» DIRECTIONS FOR THIS TASK
Give again, word for word, the lines below that run from the line with "Na tarde da" through the line with "Inspiring lightness adds". Drop the pictures.
********************
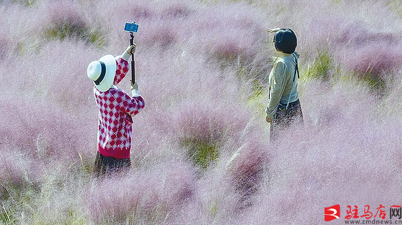 近日,在市区人民公园,粉色花海在湖畔摇曳,空气中弥漫着梦幻般的粉色薄雾;在市区文明大道北段,粉黛乱子草约有一米高,已进入最佳赏花期,远远望去,连簇成片,在阳光的照耀下美轮美奂、如云似霞;在上蔡县蔡明园公园,大片粉色云雾悄然绽放,穿梭在这片粉色的云海中,随手一拍便成大片。
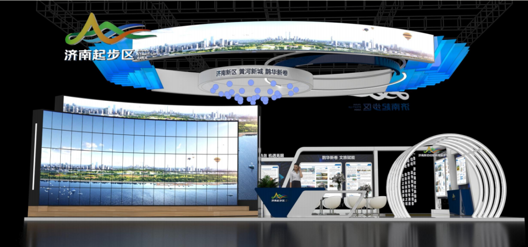 据悉,起步区展位面积约180㎡,以“济南新区 黄河新城 鹊华新卷”为主题,设计序言,“黄河战略、泉新未来”,“动能转换、园区引擎”,“鹊华新卷、文旅赋能”,“投资热土、机遇无限”,“鹊华秋色、身临其境(VR体验)”,“非遗手造、文化传承”等区域,全面进行起步区未来新城愿景展示、重点园区、项目招商推介及黄河鹊华文化体验。
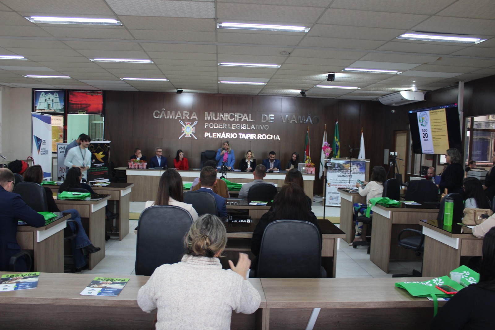 Na tarde da última quarta-feira (20), a Câmara Municipal de Viamão - CMV promoveu uma sessão solene em comemoração à 5ª Semana Municipal dos Corretores de Imóveis. A cerimônia ocorreu no plenário Tapir Rocha e reuniu autoridades, profissionais do setor e convidados. A Semana Municipal foi criada com o intuito de reconhecer e enaltecer a atuação dos corretores de imóveis, fundamentais para o crescimento econômico, social e urbano da cidade.
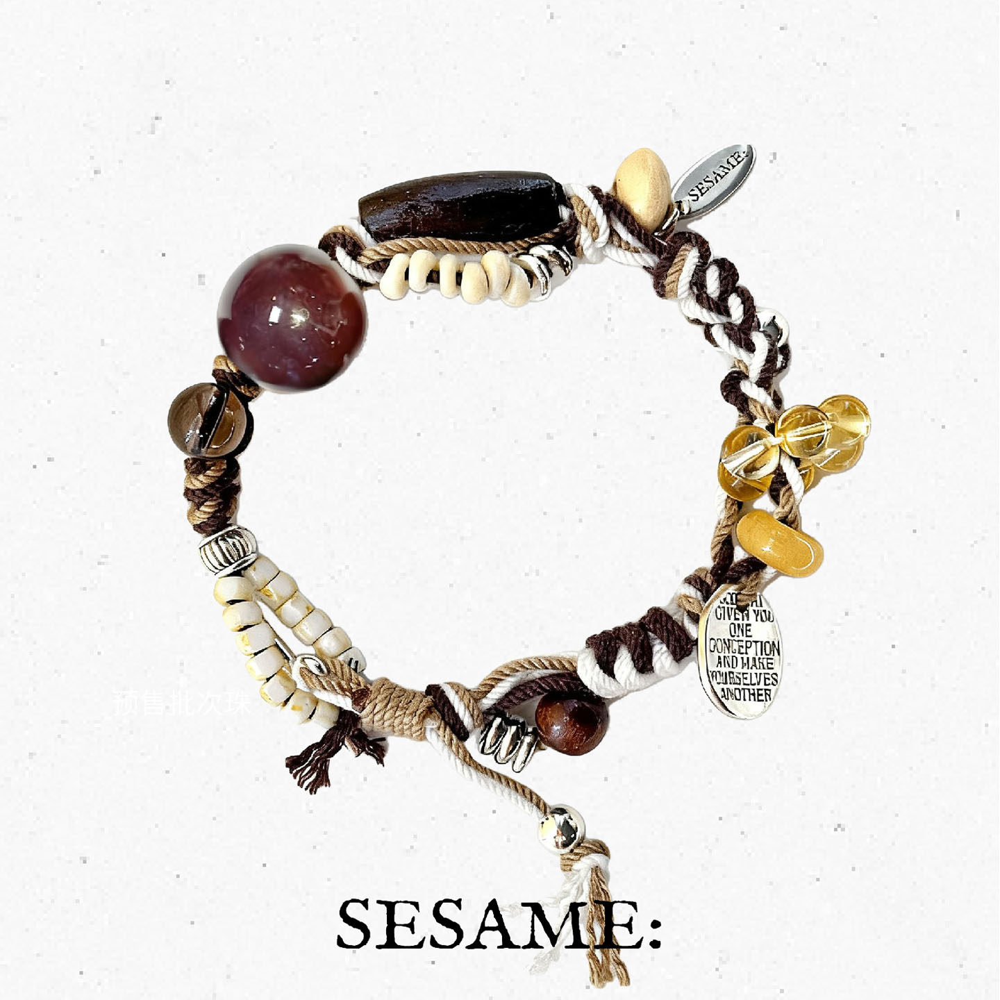 📚 飒米SESAME春日花花紫红色玛瑙美拉德手链编织藏式手绳送女生礼物
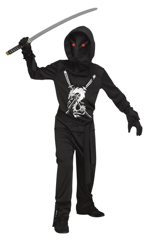 Everyone knows little kids are pretty much 99% ninja anyway, so this costume is the perfect choice for your child! Black hood, shirt, pants, belt, 2 leg ties, 2 arm ties, fade in/out glasses mechanism, and battery pack which requires 3 ‘AA’ batteries (not included).
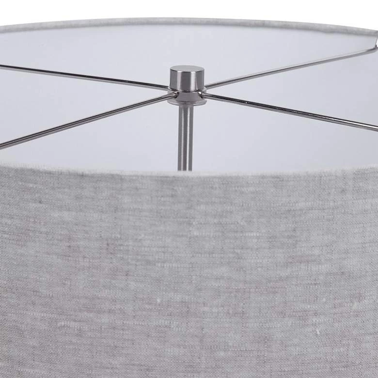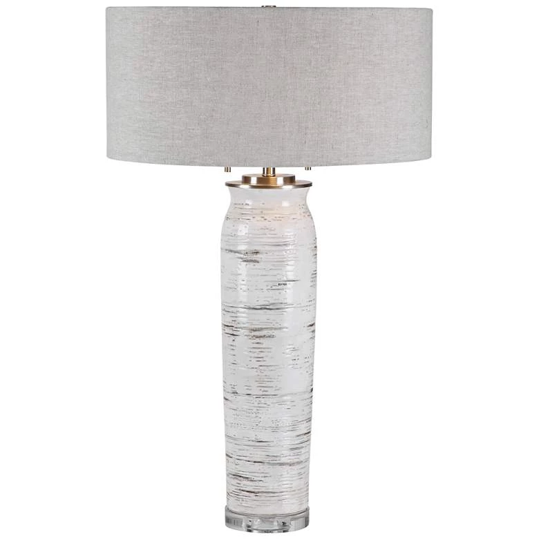 Inspiring lightness adds a soft, casual feel to a tasteful design scheme, creating a perfect balance in an updated space. This two-light ceramic table lamp offers an off-white finish with rust accents over ceramic construction. Designed by Jim Parsons for Uttermost, it offers gorgeous brushed nickel iron accents and a delicate crystal base. Enjoy a sleek, narrow light oatmeal linen fabric hardback drum shade with subbing.
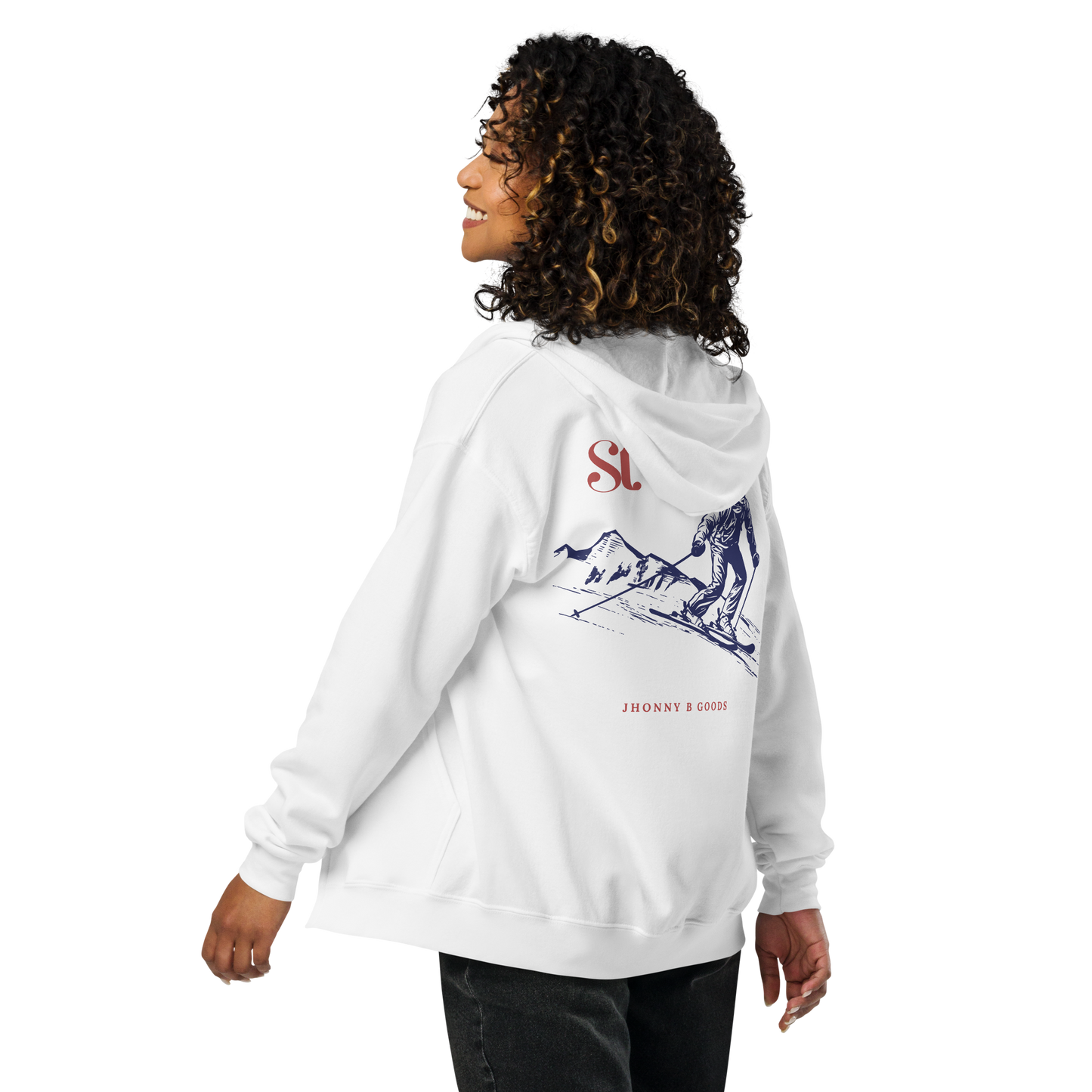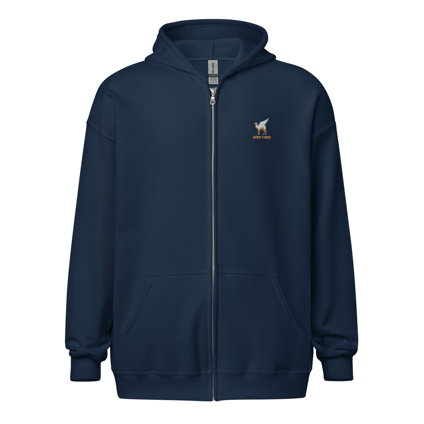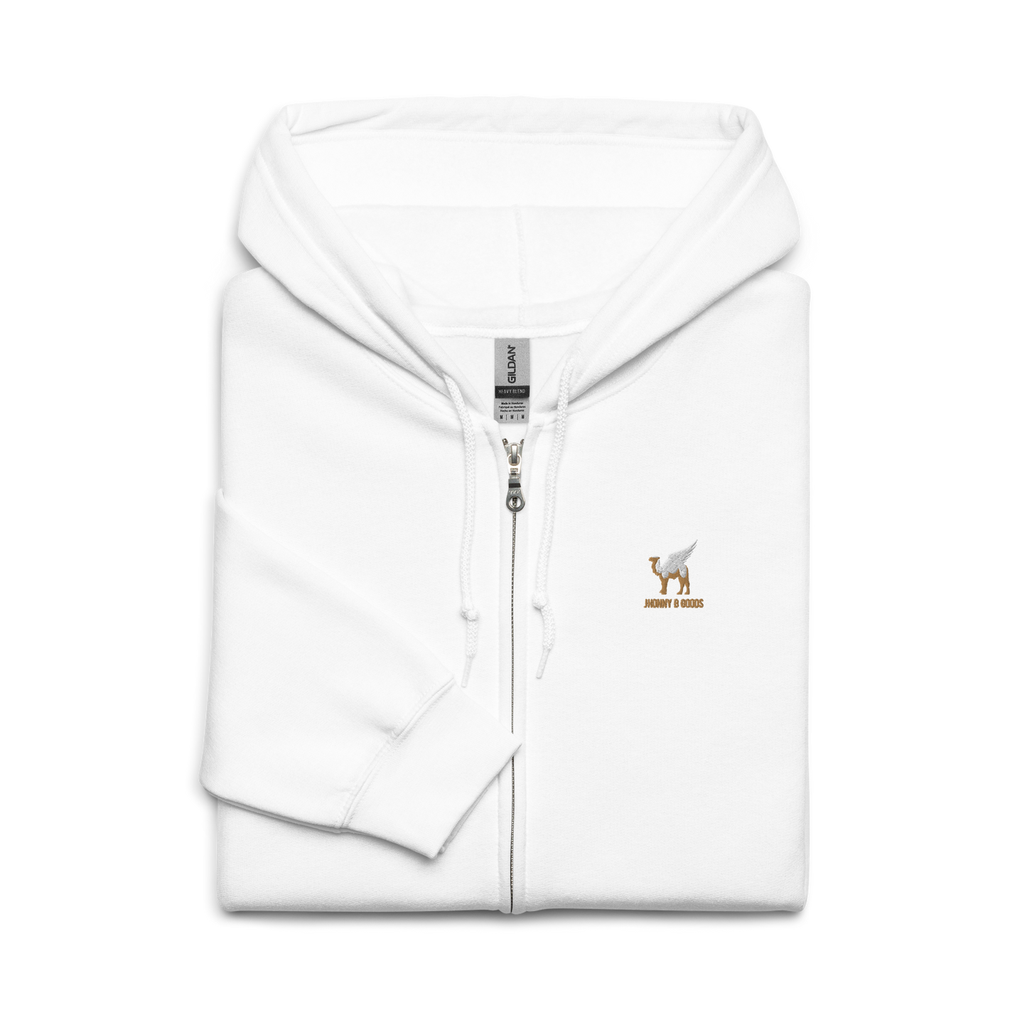 Designed with style and comfort in mind, this hoodie will quickly become your new favorite. It’s made from soft fleece inside and outside, with a sturdy metal zipper, convenient front pockets, and a hood with color-matched drawstrings.
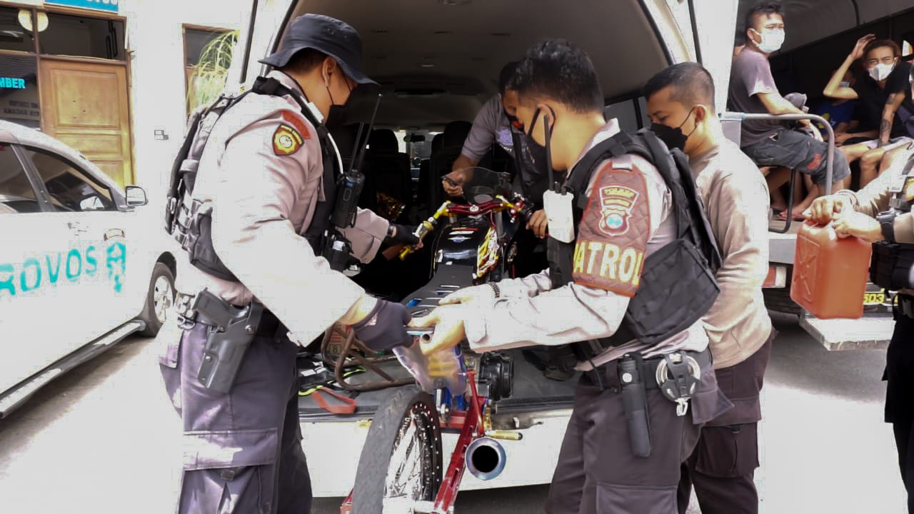 Setidaknya 1 unit R2 modifikasi ‘kereta’ (sepeda motor dengan modifikasi tertentu) serta 5 roda 4 (mobil) berhasil diamankan aparat Kepolisian saat menggelar Patroli di wilayah JLS pada Sabtu (4/9/2021).
********************
» ANSWER
 Na tarde da última quarta-feira (20), a Câmara Municipal de Viamão - CMV promoveu uma sessão solene em comemoração à 5ª Semana Municipal dos Corretores de Imóveis. A cerimônia ocorreu no plenário Tapir Rocha e reuniu autoridades, profissionais do setor e convidados. A Semana Municipal foi criada com o intuito de reconhecer e enaltecer a atuação dos corretores de imóveis, fundamentais para o crescimento econômico, social e urbano da cidade.
 📚 飒米SESAME春日花花紫红色玛瑙美拉德手链编织藏式手绳送女生礼物
 Everyone knows little kids are pretty much 99% ninja anyway, so this costume is the perfect choice for your child! Black hood, shirt, pants, belt, 2 leg ties, 2 arm ties, fade in/out glasses mechanism, and battery pack which requires 3 ‘AA’ batteries (not included).
 Inspiring lightness adds a soft, casual feel to a tasteful design scheme, creating a perfect balance in an updated space. This two-light ceramic table lamp offers an off-white finish with rust accents over ceramic construction. Designed by Jim Parsons for Uttermost, it offers gorgeous brushed nickel iron accents and a delicate crystal base. Enjoy a sleek, narrow light oatmeal linen fabric hardback drum shade with subbing.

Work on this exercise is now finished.